I came across this document, Open Science Beyond Open Access: For and with communities, A step towards the decolonization of knowledge by Leslie Chan et al (OCSDnet). It’s a contribution to UNESCO’s forthcoming Recommendation on Open Science.
The recomendations (extracted from the doc):
Governments, universities and research funders should support strategies and systems for the co- creation and sharing of knowledge that are co-designed for and with the communities they serve— especially communities that have been historically marginalized or excluded from determining their own knowledge needs and provision. The goal is to regain knowledge autonomy and self-governance.
To encourage fairer, more diverse open access practices worldwide, governments, research funders and UNESCO should financially and institutionally support a wide range of actors—including non- anglophone, small, local and endogenous publishing initiatives that can build local communication capacities, or university libraries that decide to become publishers—rather than giving precedence and fiscal advantage to international, for-profit, unilingual publishing industries.
Universities and researchers should provide opportunities for all students and community members to understand the multiple dimensions of open access, including the perils of a homogenized science and the advantages of bibliodiversity and ecology of knowledges.
Research funders and related bodies should provide targeted funding for translation and open-access sharing of scientific works from Indigenous knowledge holders and Global South researchers, especially from non–English-speaking countries. This would support the creation of a truly plurilingual scientific commons.
Research funders and related bodies should demand that publicly funded journals diversify their boards to include more women, Indigenous scholars and scholars from the Global South, and diversify their language practices by providing at least abstracts in many languages.

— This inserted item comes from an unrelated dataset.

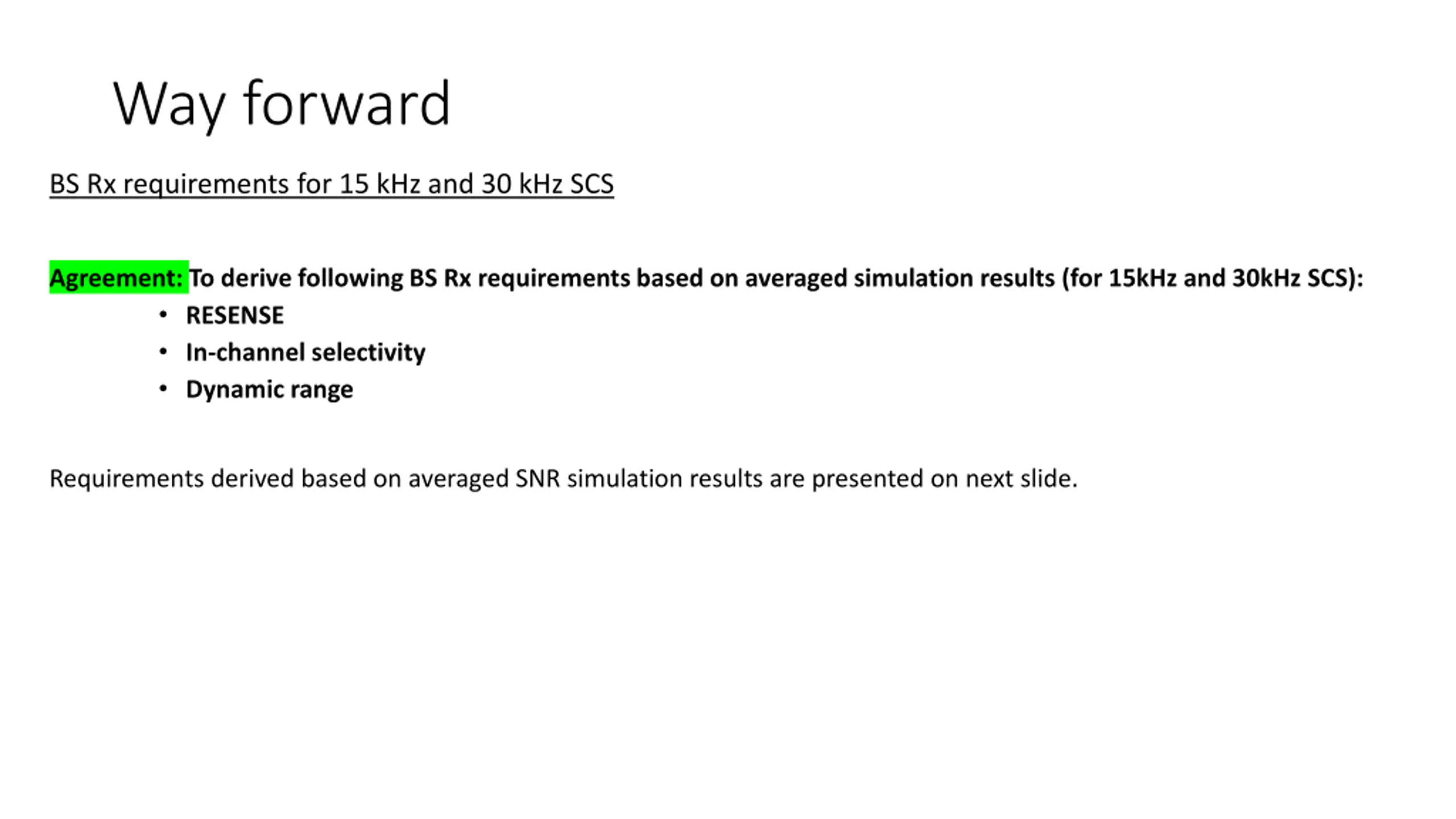 Way forward BS Rx requirements for 15 kHz and 30 kHz SCS Agreement: To derive following BS Rx requirements based on averaged simulation results (for 15kHz and 30kHz SCS): RESENSE In-channel selectivity Dynamic range Requirements derived based on averaged SNR simulation results are presented on next slide.

Research funders and related bodies should provide targeted funding for research collaboration between communities and universities as exemplified by Canada’s many programs on partnership research.

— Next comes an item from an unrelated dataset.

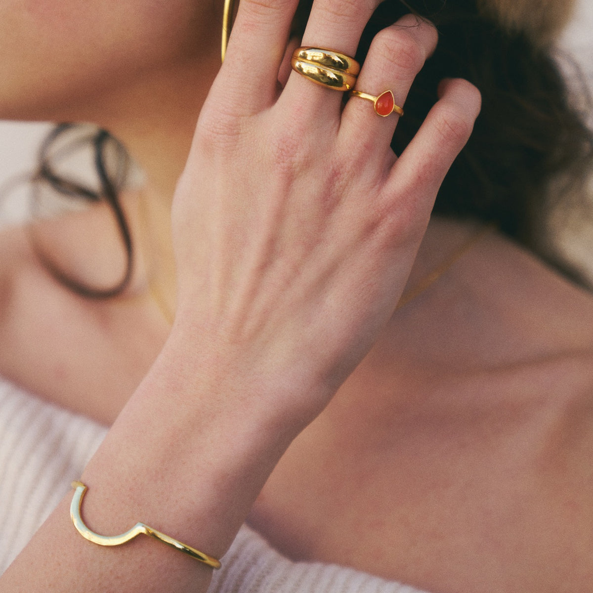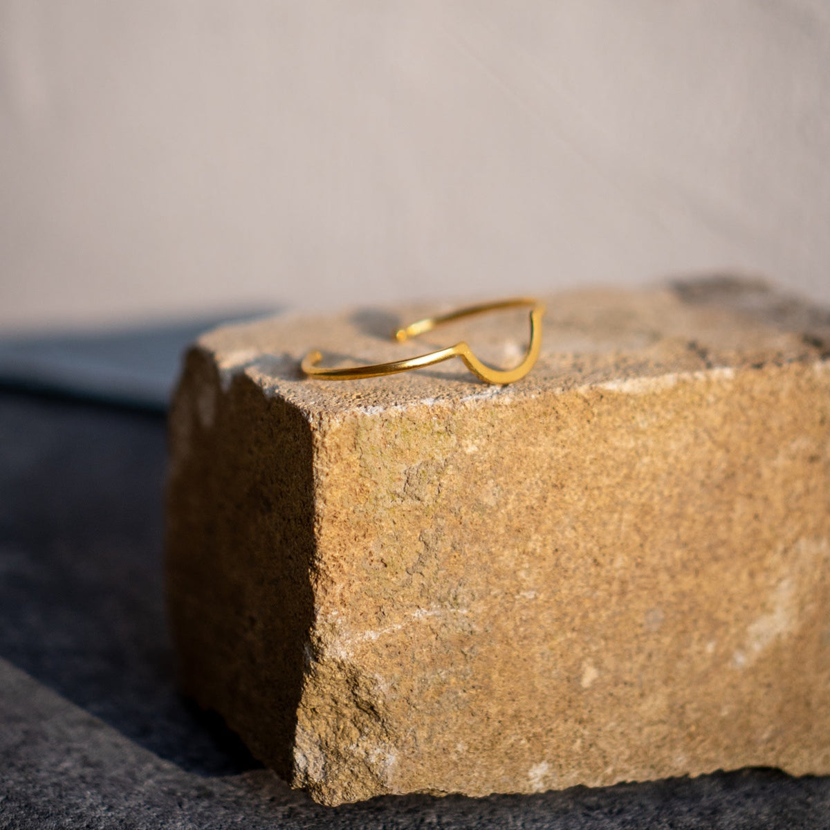 This cuff bracelet is crafted from 100% brass and is 24K gold plated.

Higher education institutions should create courses and engaged learning spaces so all scholars-to-be can learn the principles of Open Science for and with communities, including community-based participatory action research, citizen-science approaches, and open-access–related issues. This would lead them to care about who can read their work.
Universities should provide administrative infrastructure and resources to support community-university research partnerships that empower people of all abilities to make and use accessible, open-source technologies.
All higher education institutions should teach works from the Global South and scientific approaches drawn from Indigenous ways of knowing. This would support the decolonization of knowledge.
Higher education institutions should appoint scholars and knowledge-keepers from Indigenous or excluded groups, such as immigrants from the Global South.
Higher education institutions should ask their professors to teach and cite scholars from Indigenous and other sidelined bodies of knowledge and to encourage students and researchers to quote works from women, the Global South and non-English works, using digital translation tools where available.
UNESCO should help universities from the Global South offer better internet access and shared, community-governed digital infrastructure for their researchers and students.
Higher education institutions and governments should abolish university rankings and evaluation based on criteria established by powerful institutions in the Global North and rethink the incentive and reward structure of research funding and evaluation so that it is more based on local relevance and participation.